The district court also had jurisdiction because this was a paternity action and the IRA certificate was in Sokol's possession. The court had authority to provide for the child's support. K.S.A. 23-2215(c) provides that “Upon adjudging that a party is the parent of a minor child, the court shall make provision for support and education of the child.”

This has been a very contentious lawsuit with many hearings. The record oftentimes is confusing because there are so many motions about the same issues filed by Sokol over the years. We see no reason to reverse; therefore, we affirm the district court in every respect.

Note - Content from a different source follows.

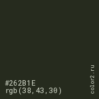 Цвет #262B1E в цветовой модели RGB обозначается тремя октетами (38, 43, 30) в десятичном формате и #262B1E в шестнадцатиричном (hex) формате, которые являются интенсивностью красного 38 (hex 26), интенсивность зелёного 43 (hex 2B) и интенсивность синего 30 (hex 1E).
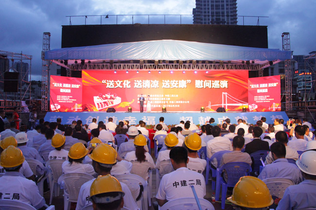 8月29日下午,中建二局“三送”巡訪慰問活動(dòng)走進(jìn)六盤水,為千余名農(nóng)民工送清涼、送文化、送安康。貴州省總工會(huì)副主席楊杰,中建二局副總經(jīng)理程同普,六盤水市市委副書記、市委政法委書記魏雄軍,六盤水市人大常委會(huì)副主任、市總工會(huì)主席劉靜等領(lǐng)導(dǎo)出席活動(dòng),約1000人參加此次活動(dòng)。

We turn to Kaelter's cross-appeal.

After this court issued its opinion in Sokol's first appeal in 2013, the panel granted Kaelter's request for appellate costs and attorney fees under Supreme Court Rule 7.07(b) (2014 Kan. Ct. R. Annot 70) and K.S.A. 2012 Supp. 23-2216, giving the court in a parentage action the discretion to award costs and attorney fees as justice and equity may require. When the Supreme Court vacated the judgment of this court for lack of jurisdiction, it also vacated the attorney fees award.

When the case returned to the district court, Kaelter filed a motion requesting attorney fees, which included a request for fees incurred in the first appeal. The district court ordered Sokol to pay Kaelter attorney fees as a sanction because Sokol “knowingly and intentionally diverted funds earmarked for his son's education to his own personal use.” The court found Sokol's “misconduct and tactics have inflated the cost of this litigation and unnecessarily delayed the orderly administration of justice. Mr. Sokol has abused the litigation process in an attempt to cover up his misdeeds.” But the court denied Kaelter's request for appellate attorney fees, stating it had no authority to do so.

Now in this cross-appeal, Kaelter contends the district court erred by finding it lacked jurisdiction to award her attorney fees relating to the prior appeal. She argues the district court had authority under K.S.A. 2013 Supp. 60-211 and K.S.A. 23-2216 to award attorney fees. Sokol maintains that the district court was without authority to award appellate attorney fees.

Indeed, the Kansas Supreme Court rules authorize an award of appellate attorney fees. “An appellate court may award attorney fees for services on appeal in a case in which the district court had authority to award attorney fees.” (Emphasis added.) Supreme Court Rule 7.07(b)(1) (2017 Kan. S. Ct. R. 51). Obviously, from that wording, the rule contemplates that the motion for attorney fees must be made to the appellate court.

Going deeper into the subject, caselaw persuades us that only appellate courts can award appellate attorney fees. In Evans v. Provident Life & Acc. Ins. Co., 249 Kan. 248, 265, 815 P.2d 550 (1991), the Kansas Supreme Court held that “[c]ivil appellate attorney fee awards are to be determined by the appellate court hearing the appeal. Motions for attorney fees incurred before the Court of Appeals should be determined by the Court of Appeals.” The court in Snider v. American Family Mut. Ins. Co., 297 Kan. 157, 165-67, 298 P.3d 1120 (2013), reaffirmed the holding in Evans. “Evans informed Snider and the district court that only the Court of Appeals could consider the reasonableness of the appellate fees related to the proceedings before the Court of Appeals.” 297 Kan. at 168.

The district court correctly ruled that it was not authorized to award attorney fees relating to the prior appeal. We will address the parties' requests for appellate attorney fees in a separate order.

The rulings of the district court are affirmed.